Issues around generalisability also include the extent to which individuals seen as part of routine follow-up six months post-injury may not be representative of those populations of particular interest to clinicians, such as individuals with PCS who may be referred to secondary or tertiary services for assessment and treatment. Recruitment bias has been demonstrated [52] in follow-up studies, where individuals with more significant injuries (in terms of initial loss of consciousness, GCS, PTA, other non-TBI injuries etc.) are more likely to enrol in follow-up. One consequence is that the suggested classification bands may be on the conservative side. Litigation may reflect a further source of bias: we would advise against use of the provisional classification bands when using the RPQ in a medicolegal context.

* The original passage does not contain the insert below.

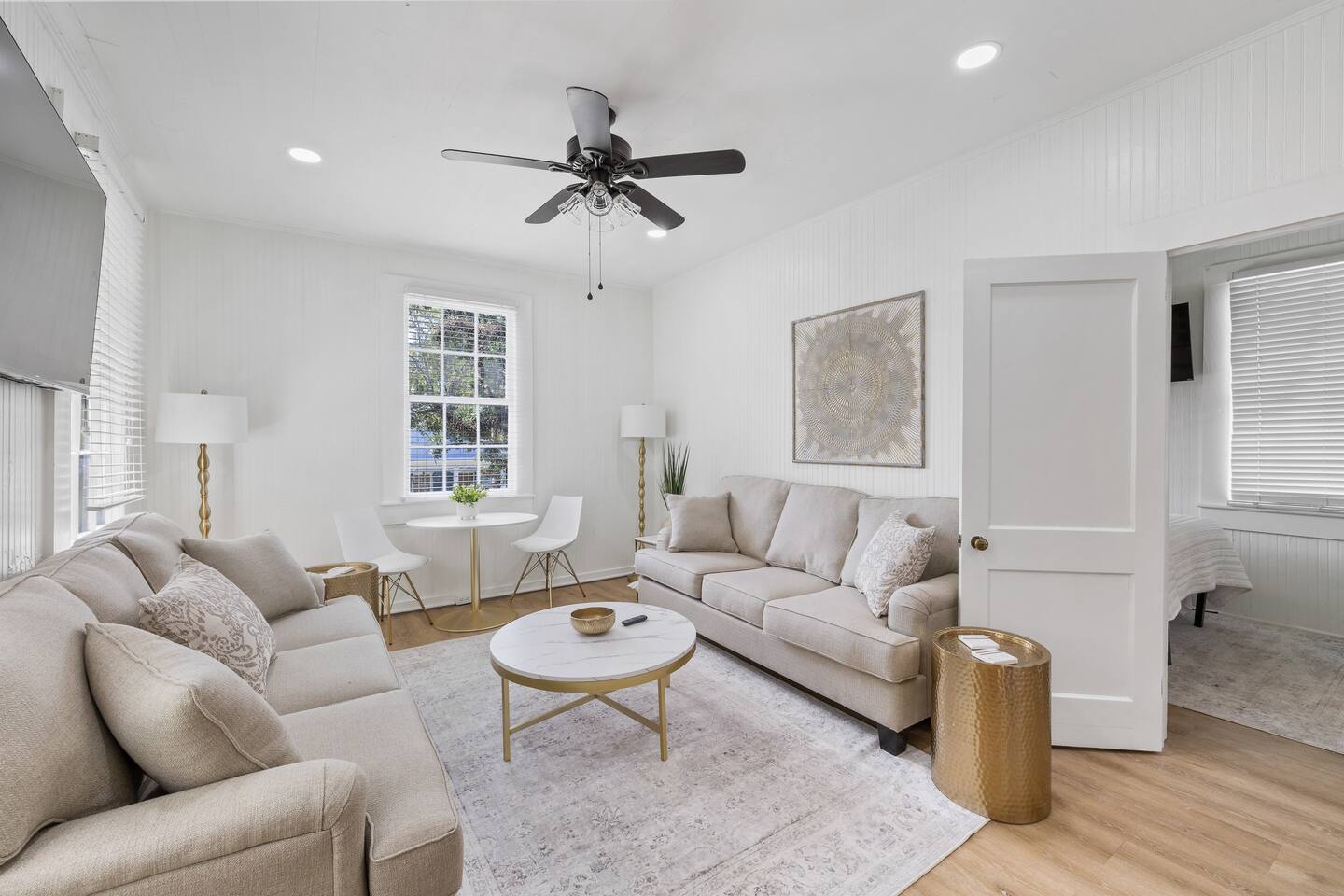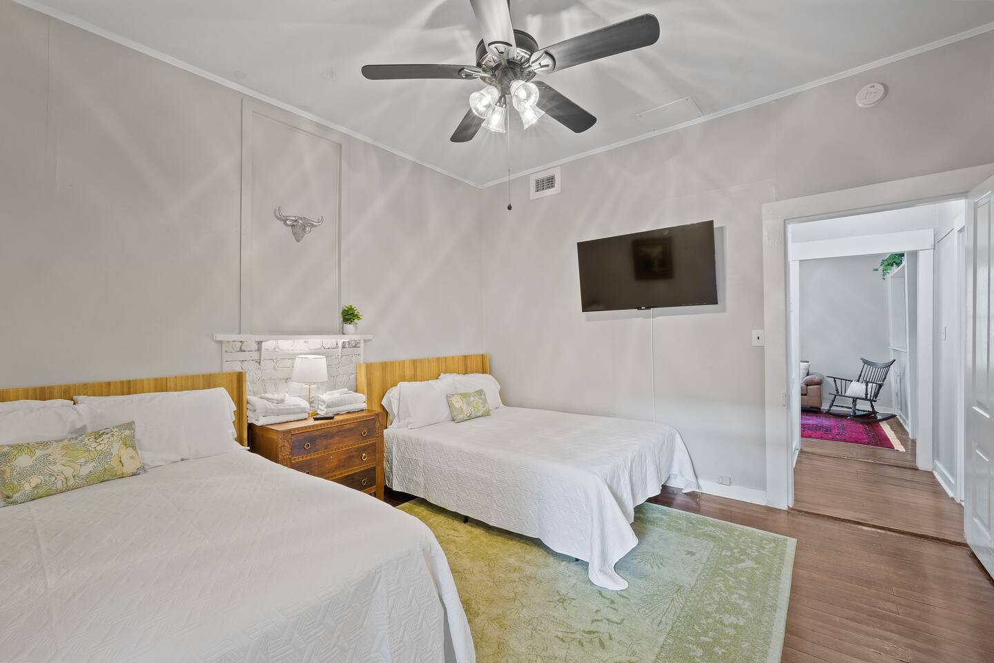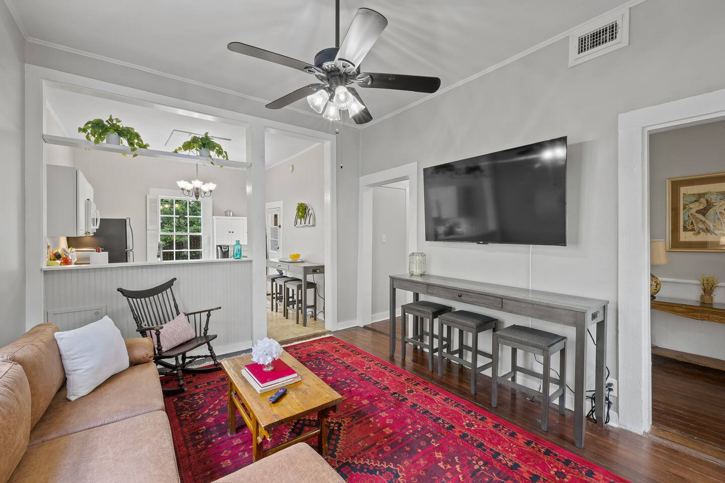Still with the historic feel of 1899, this home still exudes its original character and charm. Hardwood floors throughout and a mix of antique and modern furniture make this a great spot to enjoy historic Mobile. Book the entire triplex here and the whole place is yours! Our location is just the best toProperty features: ✓ Close By Parks and Walkable Neighborhood: Soak up the peaceful sounds of nature in Washington Square Park or walk to one of the local favorite restaurants in the area. ✓ Central A/C and Heating: No matter if it's winter or summer, the house will be at the right temperature with our heating and cooling system. ✓ Shared washer and Dryer on the property: For those who plan on booking for longer length stays, the washer and dryer will come in handy when it comes time to do your laundry. ✓ Free Parking: Driveway parking and street parking directly in front of the unit. ✓ Covid-19 Compliant: Health, safety, and well-being of our guests are of utmost importance. For this reason, we have a professional cleaning service ensuring a thorough cleaning before you check-in. All Three Kitchens: • Full-size refrigerator, Microwave, Coffee Pot, Filtered Water Pitcher, Oven/stove combo, Pots & pans for the cooktop, Dishwasher (unit 3 only) • Oil, salt and pepper • Complimentary quick breakfast (oatmeal and grits) • Complimentary coffee bar allowing you to brew yourself a warm cup of joe to start off with a gentle boost. • There are enough supplies in each of the kitchens for the amount of people that can stay in each unit (Cutting boards, spoons, knives, and spatulas, etc) If you’re not up for cooking, have peace of mind that a fine selection of dining options are within walking distance including the famous Callaghan's Irish Pub (GET THE BIG MIC) *check out our Guidebook for more suggestions* Unit 1: Living Room: (sleeps 2) • 2 Couches including 1 Queen-size sofa sleeper • table with 2 chairs • 65 inch smart TV with streaming services loaded • Bedding for sofa bed located in a container under the bed in the bedroom Bedroom (sleeps 2) • Full sized bed with memory foam mattress • Private Balcony off of the bedroom - perfect for enjoying your morning tea or coffee • Ensuite bathroom attached • 55" Smart TV with streaming services loaded • Clothes storage including hangers • Iron and ironing board Bathroom: Located directly off the bedroom, custom large shower • Hair dryer • Toilet paper • Shampoo & Conditioner • Soap/Shower gel • Towels, Washcloths, and hand towels (even makeup removal wipes) Office: • desk and chair with gorgeous natural light pouring in at the top of the stairs Unit 2: Living Room: (sleeps 2) • 2 Couches including 1 Queen-size sofa sleeper • table with 2 chairs • 65 inch smart TV with streaming services loaded • Bedding for sofa bed located in a container under the bed in the bedroom Bedroom (sleeps 2) • Full sized bed with memory foam mattress • Private Patio off of the bedroom - perfect for enjoying your morning tea or coffee • 55" Smart TV with streaming services loaded • Clothes storage including hangers • Iron and ironing board Bathroom: Located between the bedroom and living room, you'll be able to pamper yourself and end your day like a royalty with a refreshing shower in the custom built shower equipped with all the necessary toiletries: • Hair dryer • Toilet paper • Shampoo & Conditioner • Soap/Shower gel • Towels, Washcloths, and hand towels (even makeup removal wipes) Unit 3: Living Room Open Concept Living Room/Dining Room/Kitchen for enjoying everyone in the space. • Large Sectional Sofa • Rocking chair • Bar Table with seats • 65 inch smart TV with streaming services loaded Bedroom One (sleeps 2) • King sized bed with memory foam mattress • Close to the front porch - perfect for enjoying your morning tea or coffee • 55" Smart TV with streaming services loaded • Double closets and clothes storage including hangers Bedroom Two (sleeps 6-8) • 2 Queen sized beds with memory foam mattresses • 2 Twin cots with all bedding • Large walk in closet - that could easily fit 1 of the twin cot beds (all extra bedding and cots located here) • 55" Smart TV with streaming services loaded • Iron and ironing board Bathroom: Located down the hall for easy access to both bedrooms, you'll be able to enjoy a shower or bath • Shower/Tub Combo • Hair dryer • Toilet paper • Shampoo & Conditioner • Soap/Shower gel • Towels, Washcloths, and hand towels (even makeup removal wipes) Other (shared spaces) • Fire pit located in the backyard • Outdoor seating • There is a large historic front porch for everyone to share • Laundry room with washer and dryer PETS are NOT allowed at this location - if you have a Pet - reach out as we have other properties that are Pet friendly. All within 2-3 blocks from this location: Callaghan's Irish Pub (best BURGER ever - get the Big Mic) Washington Square Park The Oakleigh House Museum Hummingbird Way Oyster Bar Mardi Gras Parade Routes and MORE. OF NOTE: This is a triplex building. This means there are 3 entrances for each of the units housed in this one building. If you book this place - the entire property is yours (if you'd like just one of the units - contact me and i'll send you to our other listings). This is great spot for wedding guests and wedding parties. ——————-sleeping situation——————- Total: 16+ Bedroom 1: 2 - Full Bed (2) Bedroom 2: 2 - Full Bed (2) Bedroom 3: 2 - King Bed (2) Bedroom 4: 6 - Queen Bed x 2: (4) -Twin Cot x 2: (2) (easily able to be moved) Living Room 1: 2 - Queen sofa bed Living Room 2: 2 - Queen sofa bed Living Room 3: - sectional bed We are open to longer term stays as well as a quick get away! Book now for a memorable stay in Mobile! Local Guests: Please message us before booking and let us know what brings you to our home. We may require a refundable deposit for local s

In addition, different groups may conceivably show different factor structures on questionnaires. The possibility exists that the factor structure of an instrument may be influenced by a combination of factors including the clinical group (e.g. TBI versus non-TBI), the severity of TBI and length of time since injury. The latter may be particularly important given the possibility that different symptoms may improve at different rates [11]. However, the similarities between the cognitive, emotional and somatic factors across different populations with different measures [15] and even in non-TBI populations [5, 62] is notable, particularly given the differences between the measures and statistical methods used in these various studies. These similarities suggest a relatively robust factor structure (albeit with some variation on some items between different studies), potentially reducing the impact of possible sampling bias on the modelling of factors in the current study.

There are also possible cross-cultural issues relating to generalisability. Whilst similarities in PCS across different countries have been cited [36], we are unaware of explicit experimental comparisons in the literature. Anecdotally there may be some significant differences at least in prevalence between countries, with lower rates of persistent symptoms reported in Greece [21] and Lithuania [22] compared with other countries in Western Europe and North America: the existing factor analyses reviewed have so far been confined to populations in the USA and UK. However, comparative experimental studies of PCS across national boundaries have tended to focus on expectations of symptoms rather than those actually reported after TBI. Appropriately matched longitudinal cross-cultural studies are needed to compare the structure of post-concussion complaints and their resolution (or persistence) over time.

In summary, the results of a confirmatory factor analysis of the RPQ for a number of individuals seen six months after predominantly mild TBI’s support Smith-Seemiller et al.’s [68] suggestion of cognitive, emotional and somatic groups of post-concussion symptoms. However, a high degree of covariation was noted between the different symptom groups, particularly emotional and somatic symptoms. These results reflect similar findings for other PCS instruments in different TBI and non-TBI populations.